ACRACIA ATALAYISTA

por  Clemente Soto Vélez

 Los atalayistas nos declaramos automedontes del carro del mundo ―odiamos a los seres imbéciles que permiten ser guiados por otros― para lanzar nuestras bombas explosivas desde sus guardalodos hacia las ciudades tullidas, presididas por retoricistas enfermos, envueltos aún en las frisas carcomidas de la forma. Alrededor de nuestras cinturas tenemos apretadas correas de sol para fustigar a los erotomaníacos que bostezan todavía en las tibias faldas de amantes desconsoladas.

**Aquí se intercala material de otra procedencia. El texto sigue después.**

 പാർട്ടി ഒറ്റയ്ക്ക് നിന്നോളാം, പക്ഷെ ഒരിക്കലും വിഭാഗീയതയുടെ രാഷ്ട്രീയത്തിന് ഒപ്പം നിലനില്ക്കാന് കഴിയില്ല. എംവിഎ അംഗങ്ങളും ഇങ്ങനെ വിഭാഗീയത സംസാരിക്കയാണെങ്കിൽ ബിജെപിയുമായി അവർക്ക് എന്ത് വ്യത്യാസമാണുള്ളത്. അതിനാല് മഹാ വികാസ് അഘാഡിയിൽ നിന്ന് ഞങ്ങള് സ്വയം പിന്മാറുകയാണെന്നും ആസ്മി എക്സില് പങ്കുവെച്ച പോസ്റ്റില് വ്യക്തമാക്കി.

Queremos trazar una nueva ruta a tantos entes fósiles que tenemos en Puerto Rico, como, por ejemplo, L. Kotright, vendedor de hojas de patatas; Rafael Márquez, enfermero de galerías versíferas; Eugenio Astol, gran portador de bellezas en versos esqueléticos; Benítez Flores, esquizofrénico cruzrojista; a Juan A. Corretjer, péndulo que oscila entre el presente y el futuro con miras al pasado; a Vicente Géigel Polanco, poeta que, a pesar de sus altos vuelos, degolló a su musa; a Samuel R. Quiñones, abogado con sueños de poeta; a Juan Calderón Escobar, que se ahorcó de la primera cuerda de su lira ―nosotros la quemamos, porque nuestra generación no la necesita―; los atalayistas no queremos abusar de los difuntos: Dante, Anacreonte, Homero, Petrarca, Ovidio, Cervantes, Shakespeare, y Byron, etc.

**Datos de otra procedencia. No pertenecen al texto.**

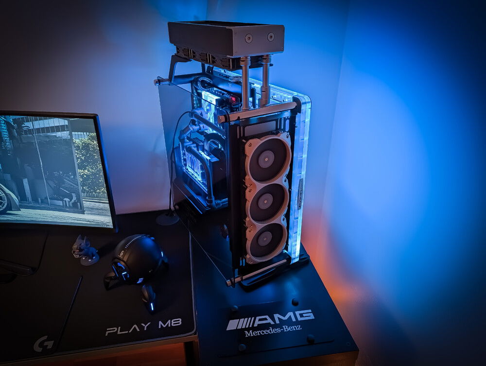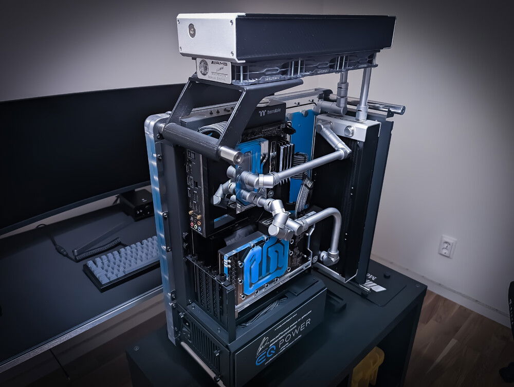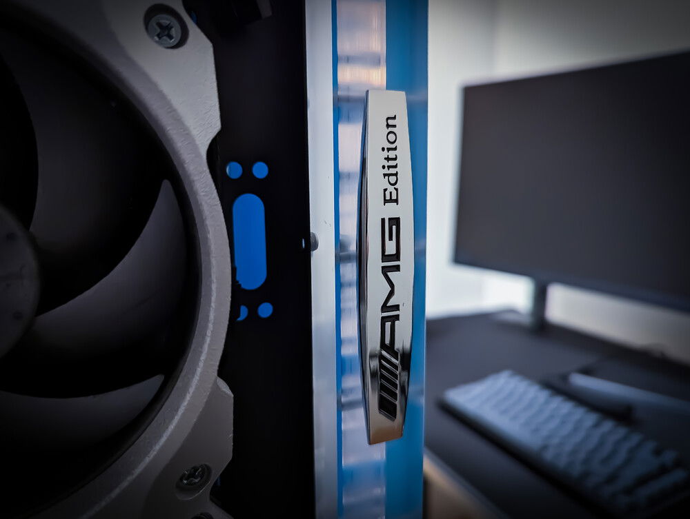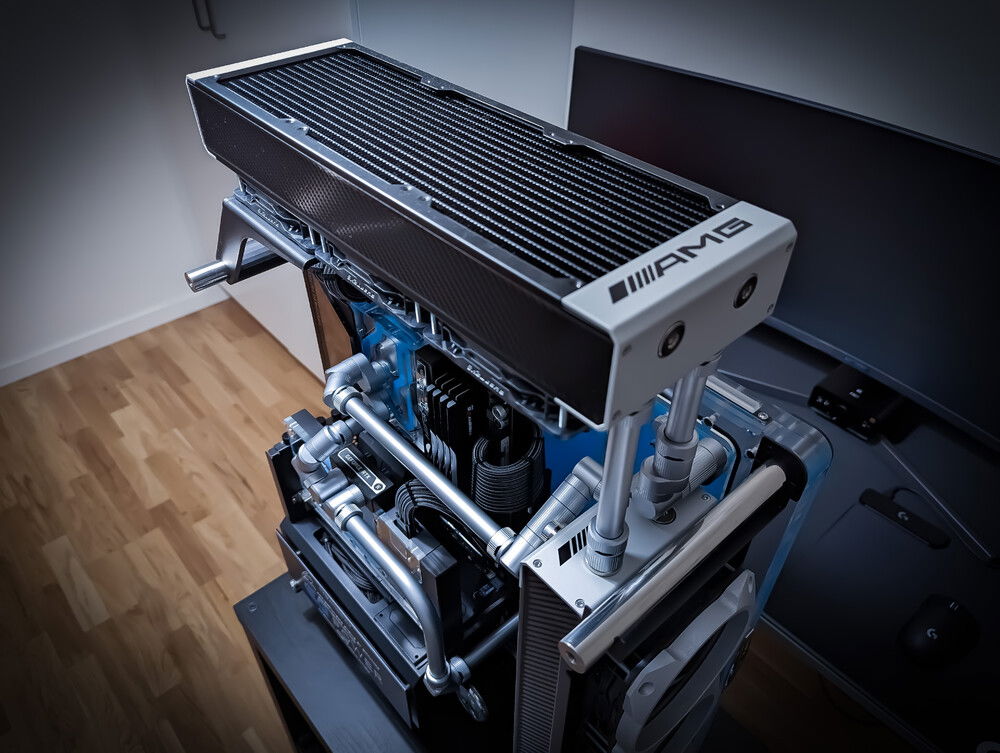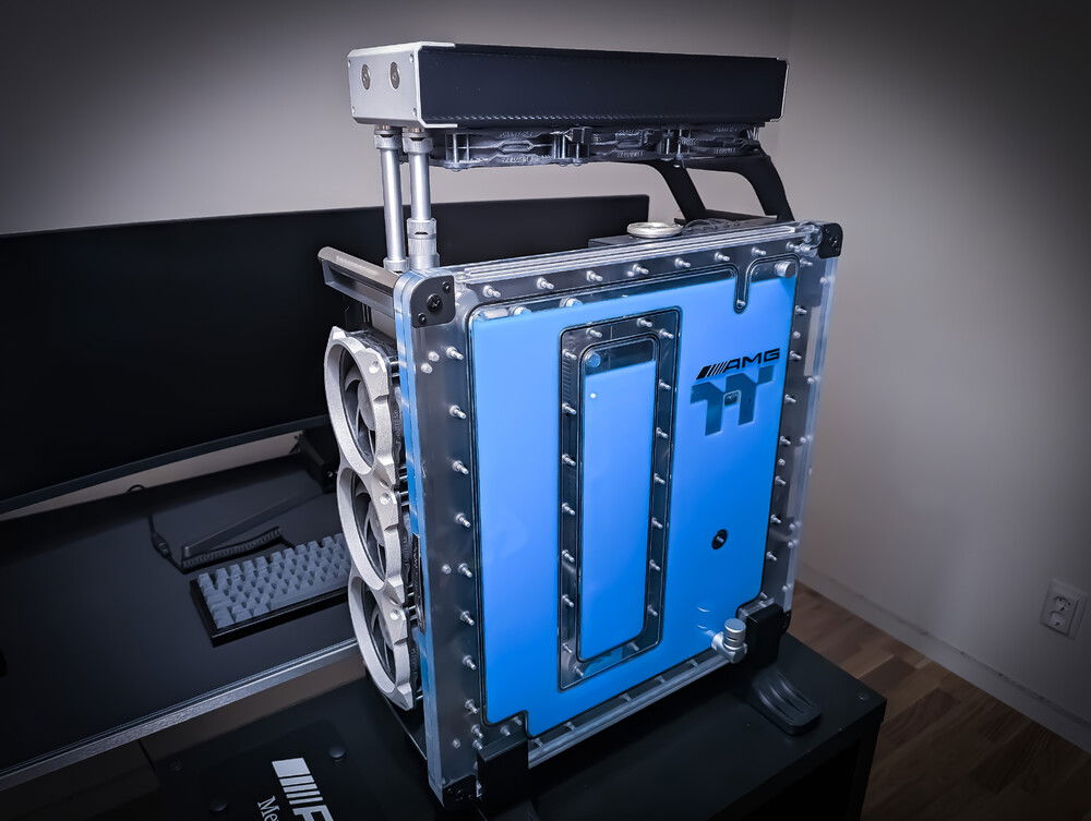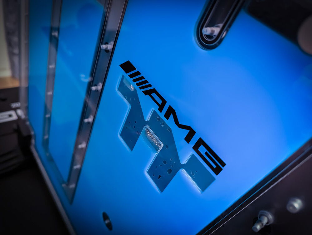 This build is inspired by project one, the car created by AMG. The build is also a tribute to my son who loves cars. The goal of the build was to make it look like an engine and thus represent the car itself. Everything from the colors, design etc. are taken directly from the car in its entirety. AMG was of course on board and sponsored with various original parts.

Aunque sea poniendo las espaldas el revolucionismo sobre sus pechos álgidos. Empujados por los puños transparentes de la época hemos trazado en Puerto Rico, un camino a seguir: el Atalayismo. Única rabiza artística que puede hacer despertar a nuestro pueblo de su sueño de cuatro siglos y medio. Nuestro hiparca atalayista Graciani Miranda Archilla, dice: Puerto Rico antes de nosotros no había tenido poetas. Maravilloso acierto. Si afirmamos por ejemplo, que un versificador es un poeta, Puerto Rico ha tenido un millón de poetas. Ahora, si decimos que un poeta es un creador, un inventor, un constructor de mundos, se reafirma lo que dice nuestro hermano Archilla.

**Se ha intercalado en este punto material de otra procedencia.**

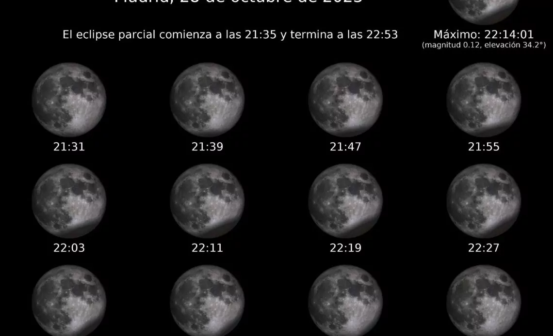 El eclipse de Luna de mañana será “modesto” (de magnitud 0,12) ya que “solo se verá una pequeña muesca oscurecida en un extremo sur de la Luna, el grado de oscurecimiento será muy escaso”, ha explicado a EFE, el astrónomo del OAN Miguel Querejeta.

Un versificador no sabe más que hacer consonantes. ¿Podría un versificador darle a un río la forma de una estrella?

Y así, agarrados de las cabelleras de los huracanes de la libre emoción, retamos al universo desde las torres de nuestra Atalaya.

Ya hemos acariciado las risas eléctricas de los poetas nocturnos en los cuales los alambres conductores son frágiles cuerpos de mujer cargados de lascivia. Admiremos los postes eléctricos como si fueran princesas soñadoras. Admiremos sus collares de bombillas que son diamantes de seiscientos quilates, los cuales se nutren de la oscuridad.

Aún estamos en San Juan, y vemos que esta ciudad concupiscente se ciñe a su cintura los carros eléctricos como si fuesen cintas de brujas diabólicas. Parados en las esquinas, camisas de seda y guardapelos de raso hablan distintos idiomas. Hemos cogido la carretera que conduce de San Juan a Ponce por la costa, y de un terrible macetazo hemos roto la columna vertebral. Hemos tenido la hidalguía de romper los pesebres donde tantos cuadrúpedos ―comedores de soledad― alimentaban su inercia malsana. Vamos atalayistas, quememos todo lo que sea antiguo, es decir, todo lo que enferme ―según dijo el Archipámpano de Zíntar― para ponerle a nuestro siglo el traje de nuestro júbilo potente.

Abofeteemos con la risa de nuestros aplausos la cara de tantos seres paleolíticos, cobardes y adocenados. Riamos estridentemente hasta dejar sordos a tantos rumiantes y platacantomios.

El Tiempo, 16 de septiembre de 1929.